Set down the entries exactly as they appear, apart from the images, which stay out.

Top of DATA PROVIDED

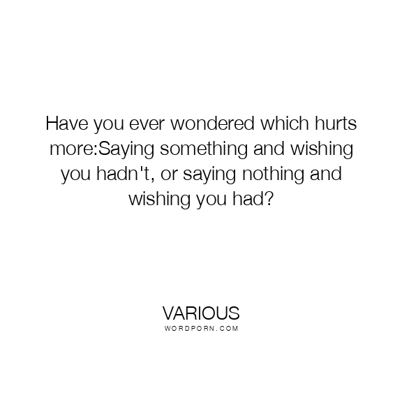 Have you ever wondered which hurts more:Saying something and wishing you hadn't, or saying nothing and wishing you had?
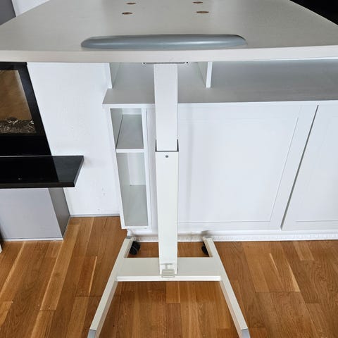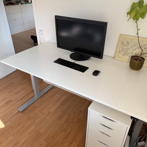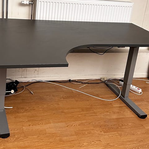 Säljer vårt höj- och sänkbara hörnskrivbord i lackerad ekfanér från IKEA. Bordet är i mycket fint skick utan repor, skav eller andra märken.
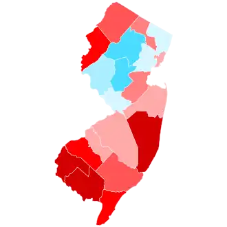 On the other hand, southern New Jersey, especially Cumberland County and Salem County, voted significantly more Republican than they had in 2012. For example, even though Cumberland County voted Democratic in both 2012 and 2016, Clinton won it by just 6%, whereas Obama won it by nearly 24% in 2012. Meanwhile, Trump flipped Salem County after Obama won it in 2012, and he also was the first Republican to win Gloucester County since 1988. Additionally, the four shore counties of Monmouth, Ocean, Atlantic, and Cape May all voted more Republican than they had in 2012, as Mitt Romney had won these four counties collectively by around 6% in 2012, but Trump won them by 17% in 2016.
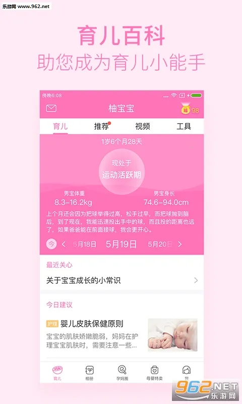 知识丰富助育儿:从备孕知识到营养辅食,有齐全的孕育小工具,还有医生专业背书的权威科普趣味小视频,解决宝宝成长中的小烦恼。
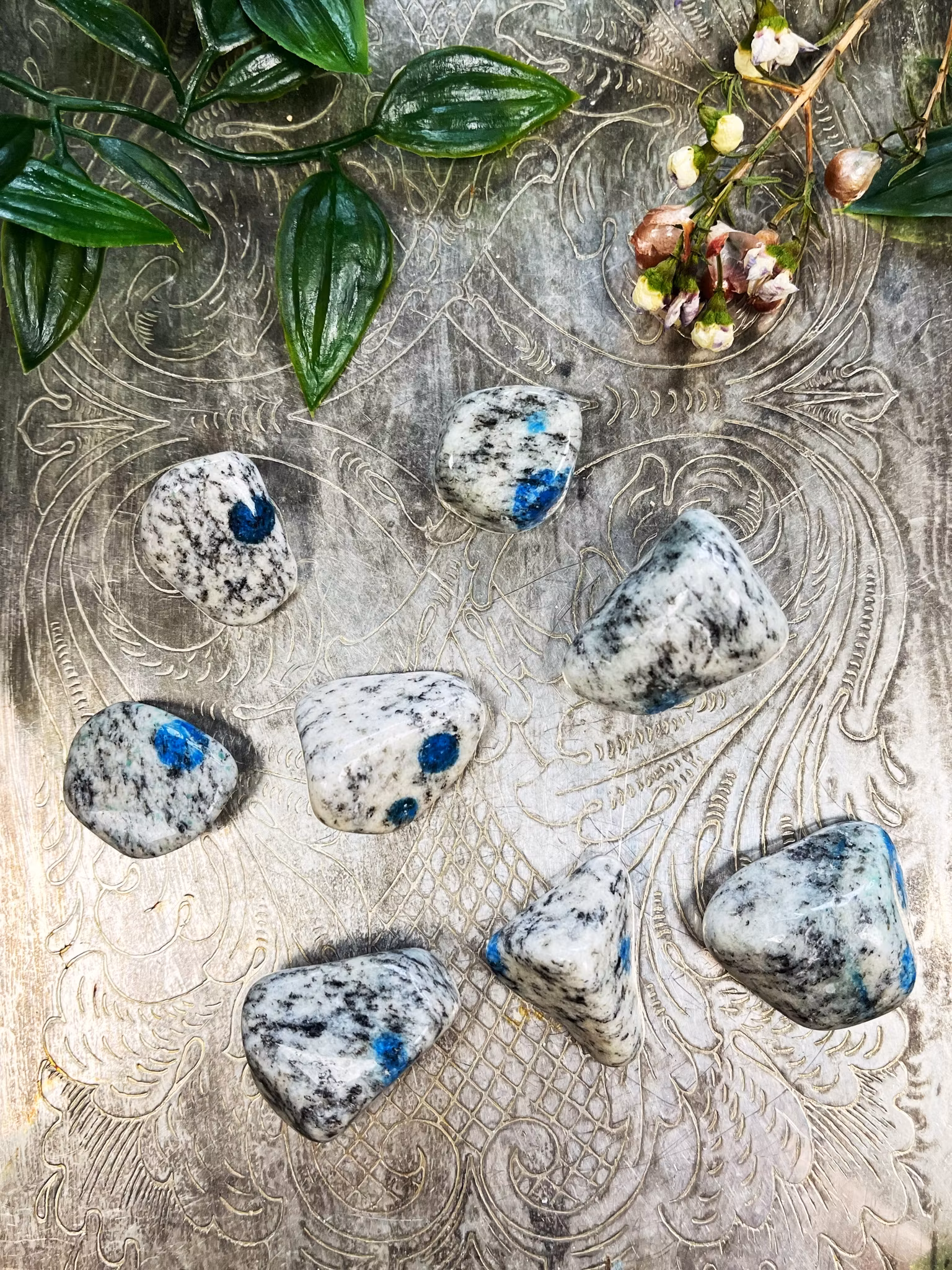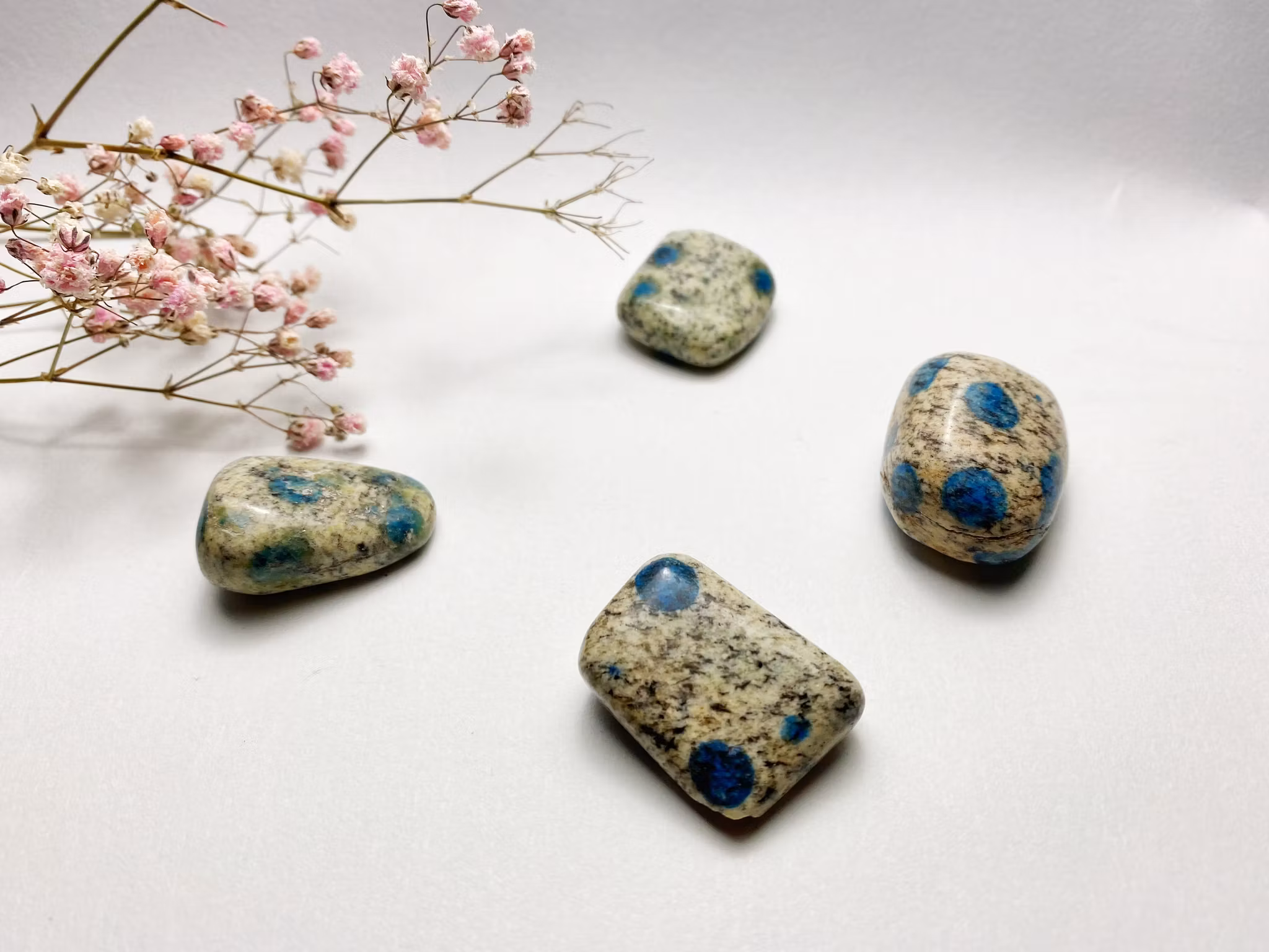 K2 består av Azurit och Granit, den hittas i foten av berget K2 därav namnet. Det är en underbar sten att använda sig av vid healing. Placera k2 på din panna och andas in healing energierna från stenen. Den skyddar dig vid mardrömmar och tillåter dig bli medveten om det undermedvetna.

Bottom of DATA PROVIDED

* **ANSWER TO THIS PROBLEM**:
 Have you ever wondered which hurts more:Saying something and wishing you hadn't, or saying nothing and wishing you had?
 Säljer vårt höj- och sänkbara hörnskrivbord i lackerad ekfanér från IKEA. Bordet är i mycket fint skick utan repor, skav eller andra märken.
 On the other hand, southern New Jersey, especially Cumberland County and Salem County, voted significantly more Republican than they had in 2012. For example, even though Cumberland County voted Democratic in both 2012 and 2016, Clinton won it by just 6%, whereas Obama won it by nearly 24% in 2012. Meanwhile, Trump flipped Salem County after Obama won it in 2012, and he also was the first Republican to win Gloucester County since 1988. Additionally, the four shore counties of Monmouth, Ocean, Atlantic, and Cape May all voted more Republican than they had in 2012, as Mitt Romney had won these four counties collectively by around 6% in 2012, but Trump won them by 17% in 2016.
 知识丰富助育儿:从备孕知识到营养辅食,有齐全的孕育小工具,还有医生专业背书的权威科普趣味小视频,解决宝宝成长中的小烦恼。
 K2 består av Azurit och Granit, den hittas i foten av berget K2 därav namnet. Det är en underbar sten att använda sig av vid healing. Placera k2 på din panna och andas in healing energierna från stenen. Den skyddar dig vid mardrömmar och tillåter dig bli medveten om det undermedvetna.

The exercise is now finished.